David Jalilvand, a Middle East analyst, told Germany’s DW that Russia has “promised much and delivered little.” Even conservative Iranian officials agree. Mohammad Sadr of the Expediency Discernment Council bluntly described the partnership as “a farce.”

Public sentiment mirrors this view. Many Iranians see the alliance not as protection, but as an elite survival strategy detached from everyday hardship.

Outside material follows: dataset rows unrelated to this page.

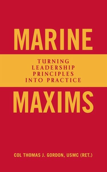 Marine Maxims is a collection of fifty principle-based leadership lessons that Thomas J. Gordon acquired commanding Marines over a career spanning three decades of service. Dealing with the complexities and challenges of the contemporary operating environment requires an internal moral compass fixed true. These maxims focus on developing inner citadels of character, moral courage, and the resilience to persevere in a contested domain where information is key. Its purpose is to provide future leaders with a professional development plan that will steel their resolve and enable them to lead with honor. Thematically, these maxims build upon a foundation of character, courage, and will. To be effective, a leader must model and inspire the will to persevere in the face of danger or adversity. The essence of effective leadership is credibility. A leader's credibility is derived from a congruence of competence and character. Exceptional leaders are not remembered for what they accomplished, but how they did it. Those that lead with integrity will be remembered as a leader worth following.
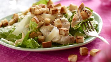 Krydr kyllingefileterne med salt og peber, grill dem ved jævn varme 5 min. på hver side og lad dem køle af, skær dem i mindre stykker. Skær brødskiverne i tern og bland dem med et fed presset hvidløg, salt og peber, steg dem sprøde i smørret. Kom æggeblomme, det sidste fed hvidløg, sennep, eddike, ansjosfileter og 15 g af parmesanen i en blender og blend. Tilsæt olien lidt ad gangen og smag dressingen til med salt og peber. Skyl salaten, riv den i mindre stykker og kom den på et fad sammen med kyllingekødet og flager af parmesan. Fordel dressing og brødcroutoner over salaten og server.
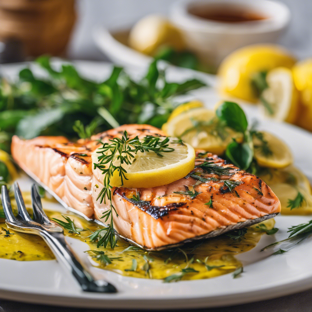 Lemon Herb Grilled Salmon is a classic dish that has been enjoyed for centuries. The combination of zesty lemon and aromatic herbs perfectly complements the rich, buttery flavor of the salmon. This dish has its roots in Mediterranean cuisine, where fresh herbs like dill, parsley, and thyme are abundant. Chefs in coastal regions, such as the Mediterranean and Pacific Northwest, have perfected the art of grilling salmon to perfection, infusing it with the flavors of the sea. The key to a great Lemon Herb Grilled Salmon lies in using high-quality, fresh ingredients and mastering the grilling technique to achieve a perfectly moist and flavorful result. For a twist, consider marinating the salmon in the lemon herb mixture before grilling to enhance the flavors even more. Whether you're dining at a seaside restaurant in Greece or a waterfront eatery in Seattle, you're sure to find a delectable version of this dish that will tantalize your taste buds.
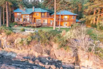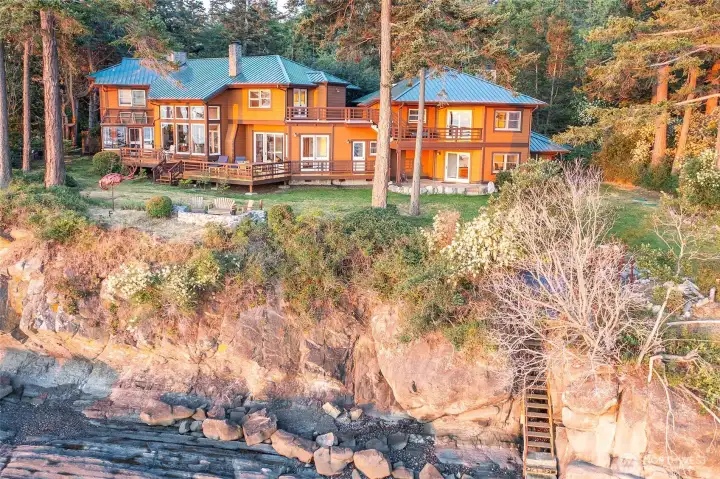 STUNNING NORTH SHORE WATERFRONT PROPERTY Just minutes from Eastsound, drive through a preserved forest and arrive at this private quintessential Orcas home with 180° views from Mt. Baker to Waldron Island and 169' of accessible beachfront. Extraordinary quality throughout this meticulously maintained 4,014 sq ft home with great room, gourmet kitchen, dining room, sunroom, family room, 2 bedrooms, office, sitting room and 3-car garage. Attached 2-bedroom guest space with full bath, kitchen and living room. Fully landscaped with lawns in the front and back, fenced garden and mature fruit trees. Spacious decks to enjoy the ever-changing vistas. Descend the blue stone steps to the landing created by a local artisan, and explore tidepools below.
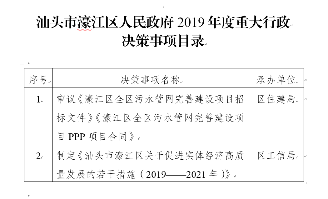 附件:汕頭市濠江區人民政府2019年度重大行政決策事項目錄
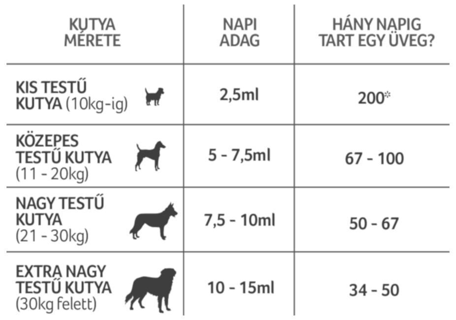 Keverje össze a lent megadott mennyiséget az étellel a rendelkezésre álló mérő eszközzel. Ne lépje túl a napi ajánlott adagot. Nagyon fontos, hogy a kutya időt kapjon arra, hogy megszokja az újdonságot az ételeben ezért próbálja meg csak a felét adni az első héten az ajánlott adagnak mielőtt odaadja a teljeset.
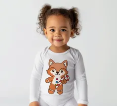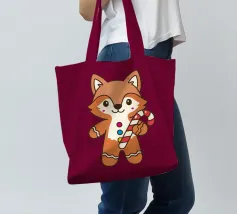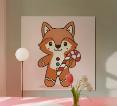 Simpatica volpe di pan di zenzero con bastoncini di zucchero colorati in un dolce stile natalizio. Perfetto per il Natale, l'inverno e tutti coloro che amano i motivi giocosi e accoglienti.
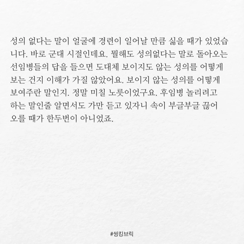 성의 없다는 말이 얼굴에 경련이 일어날 만큼 싫을 때가 있었습니다. 바로 군대 시절인데요. 뭘해도 성의없다는 말로 돌아오는 선임병들의 답을 들으면 도대체 보이지도 않는 성의를 어떻게 보는 건지 이해가 가질 않았어요. 보이지 않는 성의를 어떻게 보여주란 말인지. 정말 미칠 노릇이었구요. 후임병 놀리려고 하는 말인줄 알면서도 가만 듣고 있자니 속이 부글부글 끊어 오를 때가 한두번이 아니었죠.
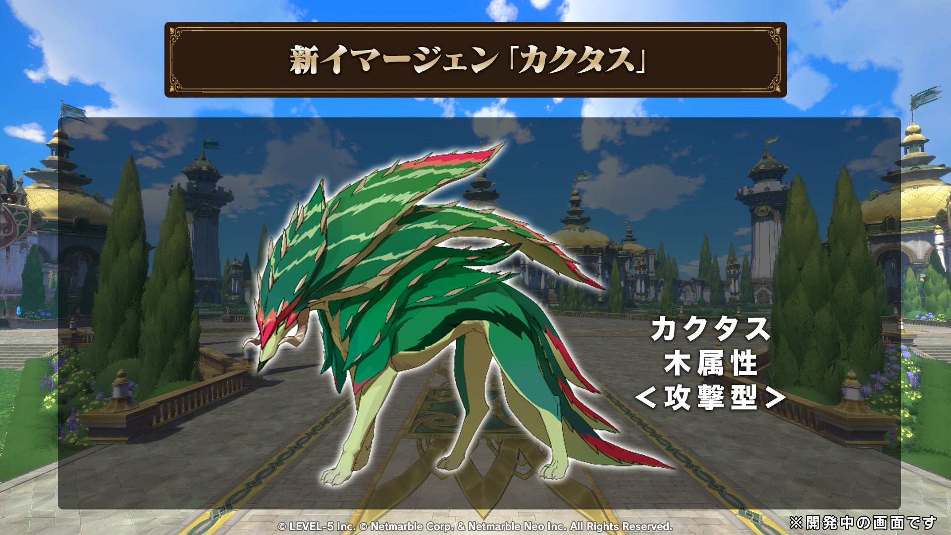 木属性の希少★4イマージェン「カクタス」が新たに登場いたします。「カクタス」は、お供では全属性への与ダメージアップ、クリティカル率アップ、転倒など、決闘では最遠の敵へダメージを与え毒状態にするスキルを持っています。

Containment without confidence

The state’s response reveals fragility, not control.

There have been cabinet reshuffles and promises of dialogue—paired with heightened security appointments, surveillance, arrests, and helicopter patrols over cities. Social restrictions have been quietly eased in some areas, not as reform, but as pressure release.

Sudden holidays, shutdowns, and emergency measures suggest routine governance has failed.

A collapse from within

For Washington and Tel Aviv, the implications are stark.

For years, debates about Iran centered on airstrikes and deterrence. But the scenes unfolding inside the country suggest a different reality: Iran does not need to be bombed to be weakened. It is eroding from within.

A system hollowed out by economic failure, infrastructure breakdown, and public disbelief cannot be stabilized by missiles or alliances. Military escalation risks reviving nationalist sentiment and rescuing a regime struggling to justify its own survival.

Internal collapse offers no such lifeline.

Iran today stands at a crossroads not because of foreign pressure, but because its people are withdrawing consent from a system that no longer provides stability, dignity, or the basics of life.

History suggests that when a state begins to unravel inward, no external force needs to finish the job. The streets have already delivered the message.